= Eugene Eubanks =

African American educator

Eugene Emerson Eubanks (June 6, 1938 – November 20, 2011) was an American professor and school administrator focused on school desegregation. He was a longtime professor at the University of Missouri–Kansas City's School of Education, eventually becoming the school's first African American dean. Following a U.S. Federal Courts case, Eubanks was appointed to oversee the Kansas City Public Schools desegregation efforts in 1984. He went on to serve as a consultant in numerous school desegregation cases, and as president of the American Association of Colleges for Teacher Education.

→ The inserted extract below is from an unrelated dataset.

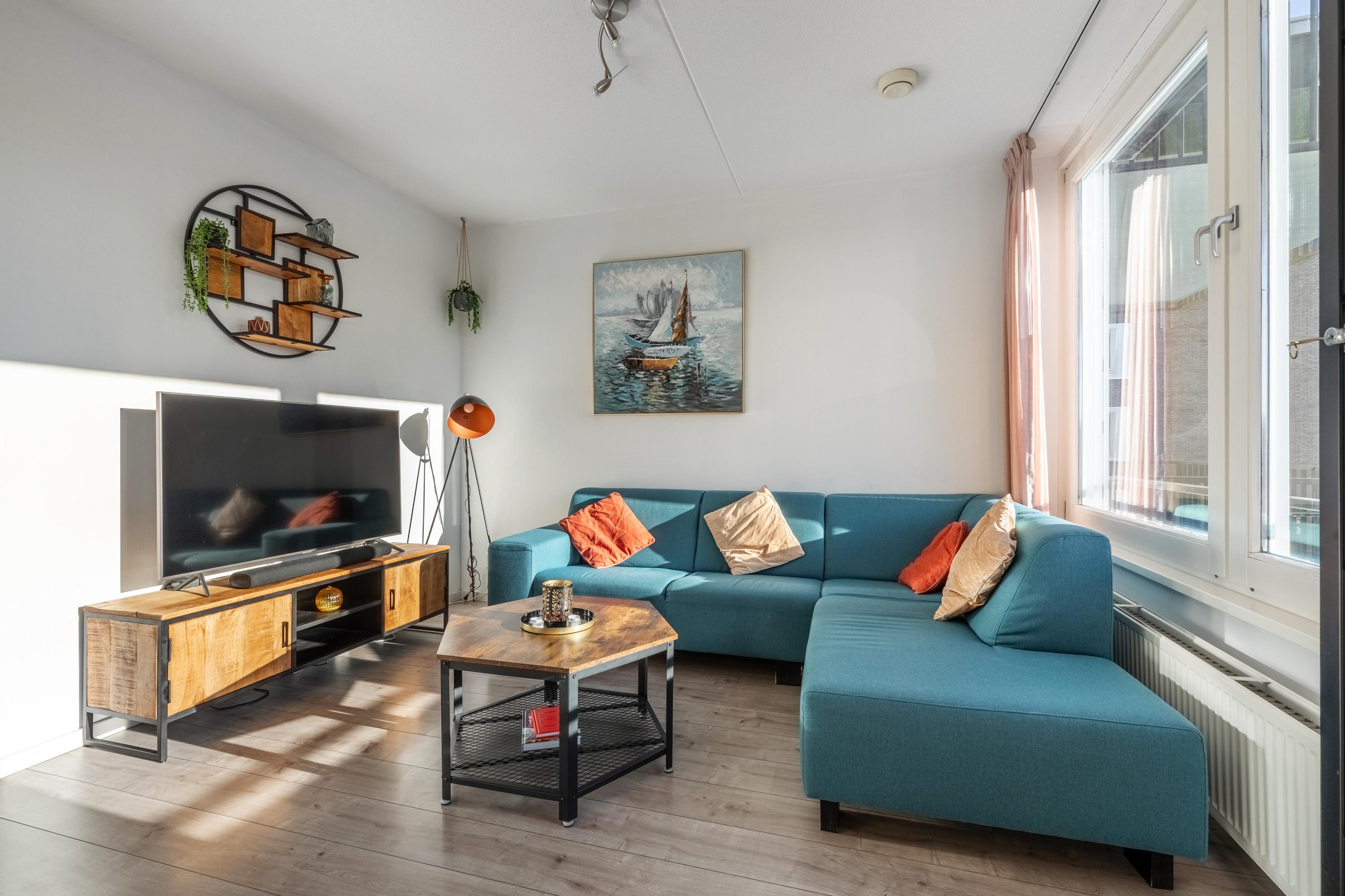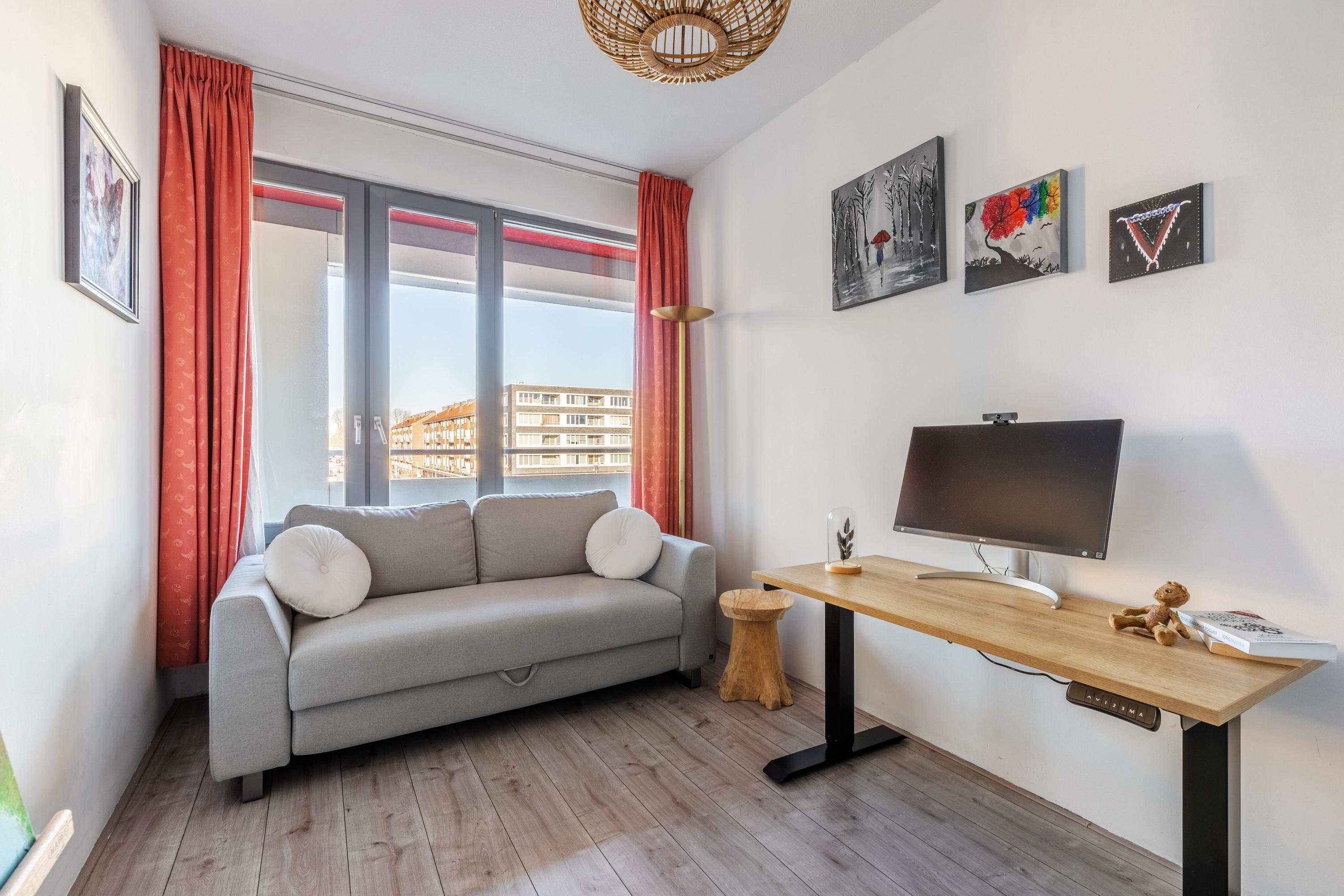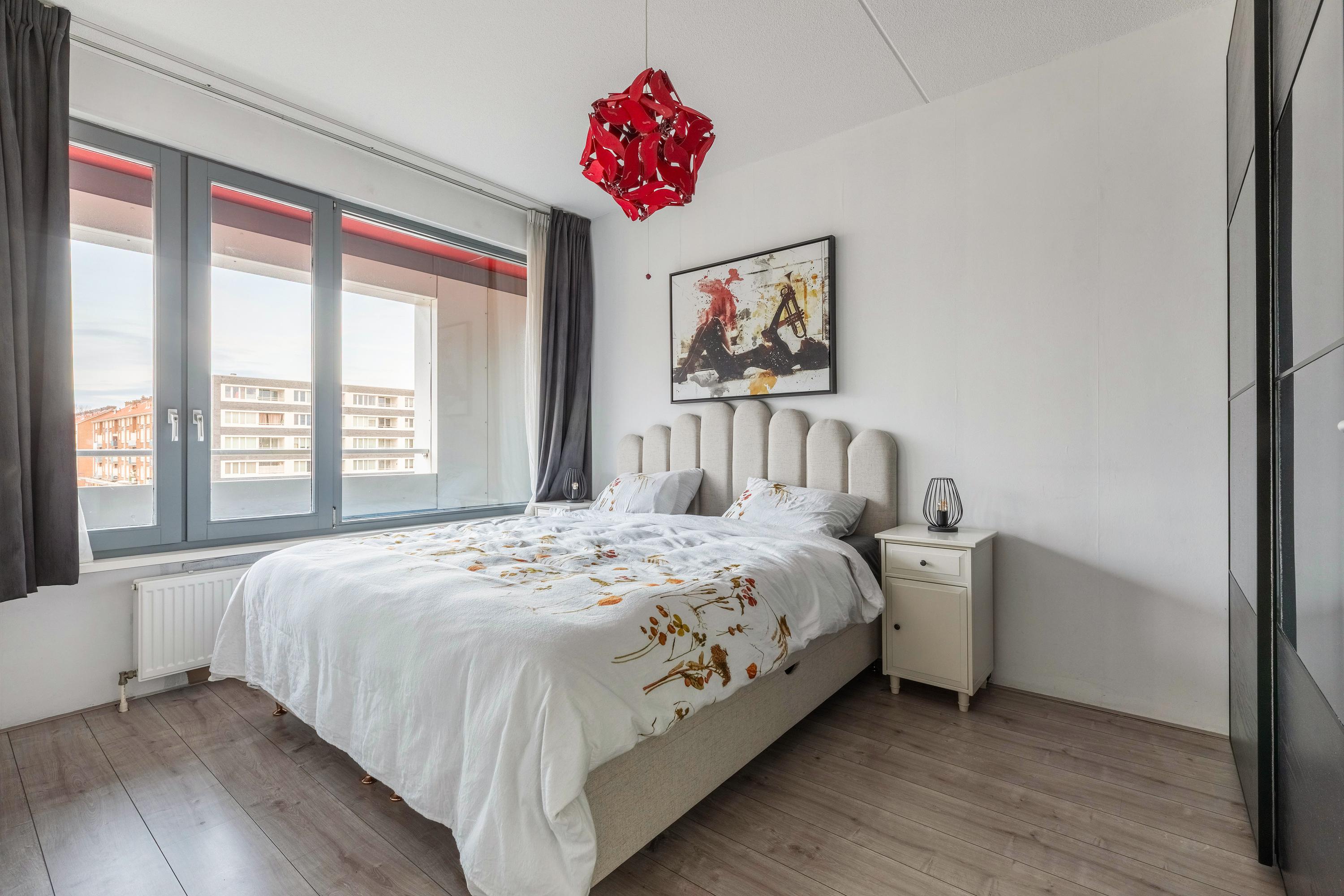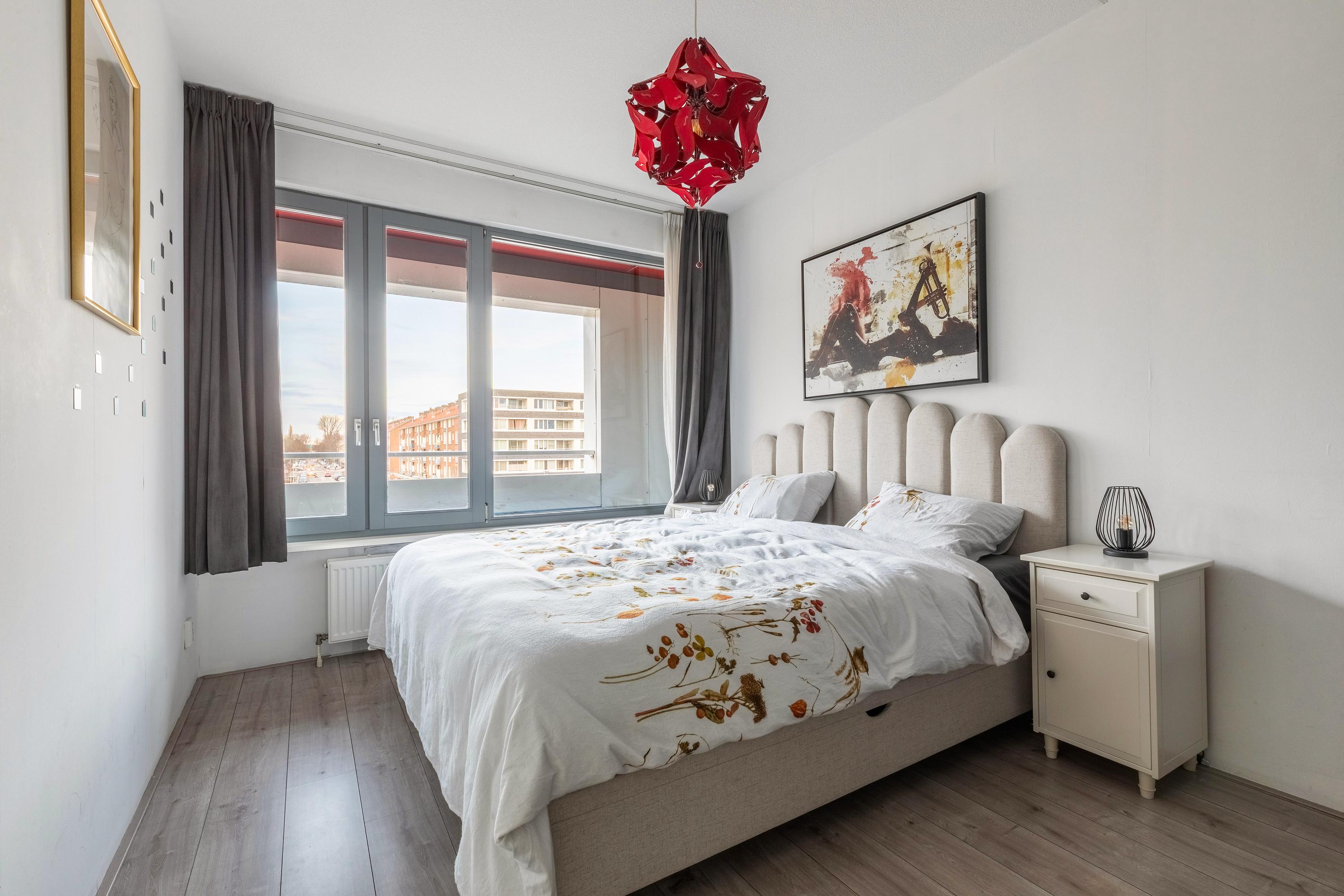 Confuciusplein 59 is een licht en zonnig appartement van ongeveer 82 m², gelegen op de tweede etage van een verzorgd complex in Amsterdam. Met twee slaapkamers en een ruime woonkamer die prachtig verlicht is door grote raampartijen en schuifdeuren, biedt het appartement een comfortabele indeling. Deze schuifpui geeft toegang tot een zonnig terras op het zuidwesten met vrij uitzicht, ideaal om te ontspannen of buiten te dineren.

==Early life and education==
Eugene Eubanks was born in Meadville, Pennsylvania on June 6, 1938 to Nelson and Emily Jackson Eubanks. He attended Meadville High School, where he played basketball. After high school, he joined the U.S. Air Force serving as a math teacher and Russian voice analyst. Upon leaving the Air Force, Eubanks returned to formal education, receiving a bachelor's degree in 1963 from Edinboro State Teachers College. He then taught mathematics and served as principal in Cleveland Public Schools while pursuing a master's degree in secondary school administration from John Carroll University. Eubanks then went on to earn a second master's degree and a doctoral degree in education from Michigan State University. He completed his doctorate in 1972, with a thesis titled Teachers' job satisfaction and dissatisfaction in defacto segregated high schools.

==Academic career==
Eubanks joined the faculty of the University of Delaware as an assistant professor. In 1974, he moved to the University of Missouri, Kansas City as assistant dean of the School of Education. In 1980, he became dean of the School of Education, the first African American in the position. In 1983, the Kansas City, Missouri, School District selected Eubanks to lead a review of its secondary schools. The review highlighted the school's poor performance, including low literacy and test scores, and high dropout rates. In 1984, based in part on Eubanks' report, a US federal district court ruled the Kansas City, Missouri, School District to be unconstitutionally segregated; the court appointed a committee to monitor the district's desegregation, appointing Eubanks as chair. In 1994, another court case People Who Care v. Rockford Board of Education, School District #205 ended with the court appointing Eubanks to oversee school desegregation efforts in Rockford, Illinois.

Eubanks served as president of the American Association of Colleges and Teachers in Education and editor of the Journal of the National Alliance of Black School Educators.

==Later life==
Upon his retirement in 2003, Eubanks was granted the titles professor emeritus and dean emeritus from the University. Despite his university retirement, he continued to teach high school math. Eubanks died on November 20, 2011, and is buried at Meadville's Greendale Cemetery.